O forte da colina se assentou no topo de uma pequena colina contígua ao centro histórico, onde habitaram os aborígines em tempos mais antigos. Sua majestosa presença qualifica a paisagem por levantar-se num espaço extra-urbano e ser uma área transitória entre os edifícios e o meio natural, visível de qualquer ponto do território. A posição geográfica, sua proximidade ao acesso da área, o controle visual da praça de armas e da vila no seu conjunto, assim como a existência de um canteiro de pedra calcária que serviria de matéria prima para sua execução, foram a gênesis de sua existência juntamente com os fatores mais gerais do clima político da época.
Em 20 de dezembro a vila de Jiguaní foi bombardeada pelo governo de Batista já que havia sido tomada pelo exército rebelde, deste sucedido foi evidente o dano ao meio ambiente na colina, a perda de espécies, vegetais e animais, o forte foi danificado mais do que já estava pelo tempo e lutas de independência anteriores.
Posterior ao triunfo revolucionário foram desenvolvidas tarefas de restauração, encontrando-se atualmente no estado que se observa nas fotos, havendo-se degradado com o tempo e a falta de manutenção, perdendo-se costumes e tradições dignas de recuperar como as festas patronais de 25 de janeiro, os bailes amenizados pelas bandas desde a colina, os altares da cruz do 3 de Maio, e comidas típicas como o cazabe e a raspadura.
Para desenvolver o estudo paisagístico o primeiro que se realizou foi desenvolver um estudo do estado da qualidade dos principais fatores do meio, inclusive aqueles de origem natural, antrópicos ou de interação (ver tabela nº 1).
Tabela nº 1: Estado da qualidade dos fatores do meio
Fator do meio | Problemas | Causa | Efeitos |
Vegetação | Escassa e de pouco valor, deteriorada e de cores pouco atraentes, grande presença de ervas. |
Pouca resistência ao meio das espécies existentes, afetadas ainda mais pela seca. Desmatamento. Carência de manutenção periódica. |
Degradação do meio pela erosão do solo, excesso de incidência solar, emigração de aves, perda dos atrativos do lugar no que diz respeito à paisagem. Existe pasto de eqüinos e ovinos, o que acentua mais a situação existente. |
Solo | Erosão. Contaminação do solo e escavação de taludes. |
Falta de vegetação arbórea e de coberturas. Descarga de lixo e resíduos domésticos. Escavações para refúgios de defesa. |
Deslizamentos de terras. Transformações físicas do solo. Acumulação de resíduos não biodegradáveis. Afetação à saúde.
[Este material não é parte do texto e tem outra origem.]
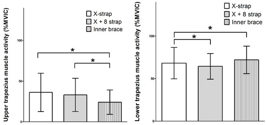 A comparison graph of muscle activities among three different wearable brassiere braces. % MVIC, percentage of maximal voluntary isometric contractions. X strap, scapular posterior tilting exercise after applying the X-figure strap. X + 8 strap, scapular posterior tilting exercise after applying the X strap and figure-8 strap. Inner brace, scapular posterior tilting exercise after applying the inner brace. * p < 0.05.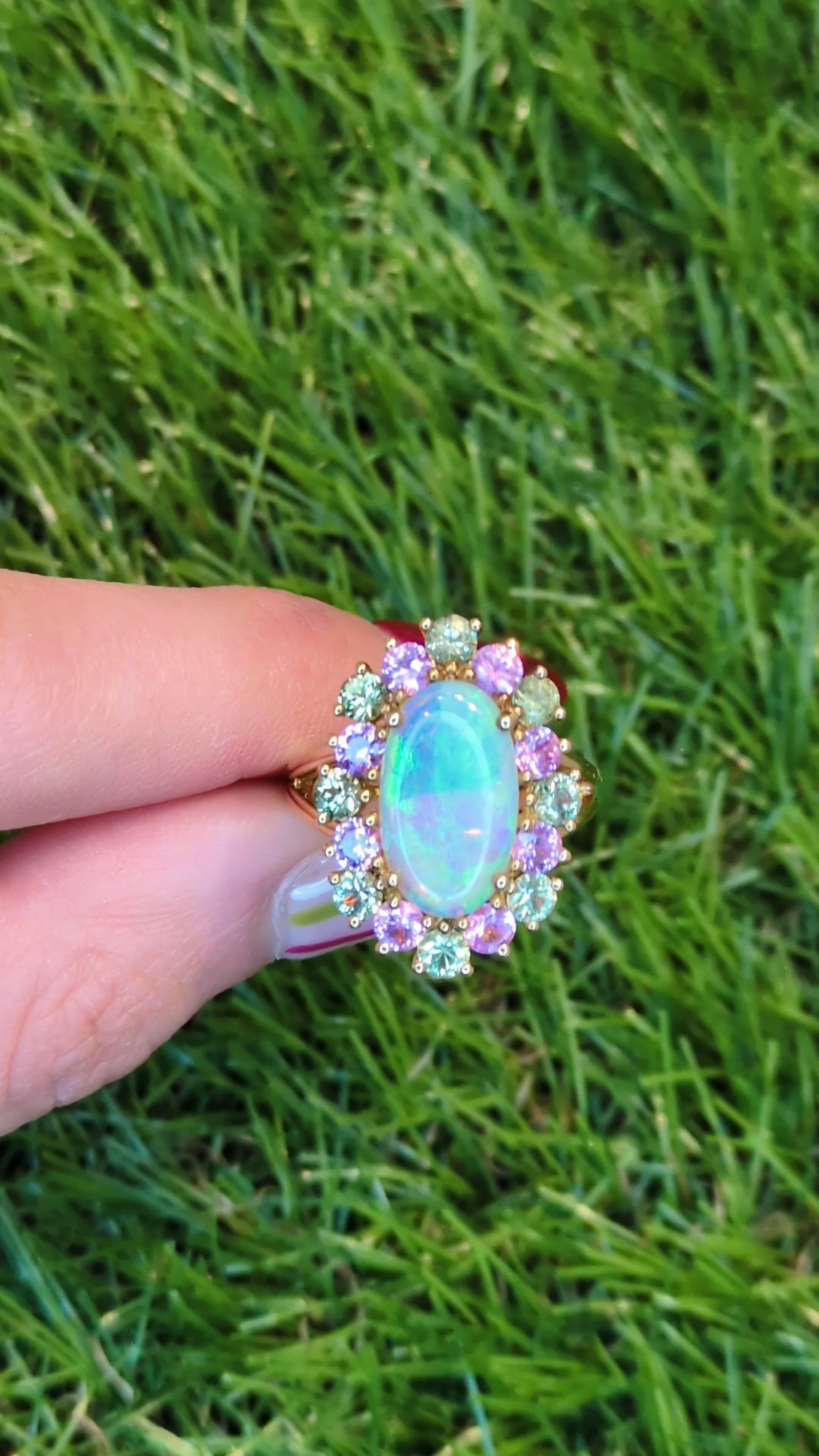 Karin Tremonti Opal Sapphire Halo Ring 18k Yellow Gold Size 7 Cocktail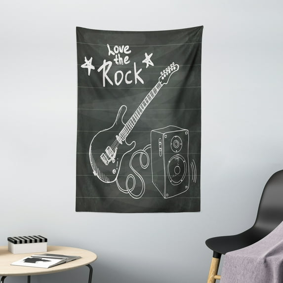 Guitar Tapestry, Love The Rock Music Themed Sketch Art Sound Box and Text on Chalkboard Print, Wall Hanging for Bedroom Living Room Dorm Decor, 40W X 60L Inches, Dark Taupe White, by Ambesonne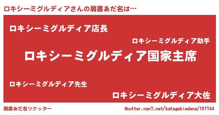 | ファンタジー風あだ名 | 『エターナルロキシーミグルディアー』 |

Afetação à imagem do lugar, deterioração da paisagem. |
Paisagem |
Deterioração da fortificação militar colonial. Perda da escadaria por derrubamentos e cobertura de terra em alguns trechos. Informação e referência do lugar de interesse histórico muito pobres. Habitações em mal estado e sem nenhum valor arquitetônico no entorno. Falta de proteção solar e proteção física na escadaria. |
Não existência de uma manutenção e de uma recuperação. Falta de sistema de drenagem de águas pluviais na escadaria. Falta de mobiliário urbano e má qualidade e desenho dos existentes. Falta de sistema de sinalização. Ausência de elementos que proporcionem sombras. Falta de corrimão na escadaria. |
Afetação nos componentes da paisagem construída de alto valor histórico. Redução da qualidade visual da paisagem. Deterioração das vias de acesso. Risco provocado por acidentes. Desmotivação à visitar o lugar histórico, repulsa ao lugar. |
Com o diagnóstico da problemática que apresenta o forte e seu entorno e com a aplicação de todo o instrumental de análise foi possível a determinação das unidades de paisagem pelas quais seria necessário começar o estudo, determinando a qualidade visual nelas e por elas, a partir do estudo dos enquadramentos visuais, se determinou o grau de fragilidade dessas zonas, o que permitiu estabelecer a partir da qualidade e da fragilidade propostas de uso ou recuperação segundo o caso.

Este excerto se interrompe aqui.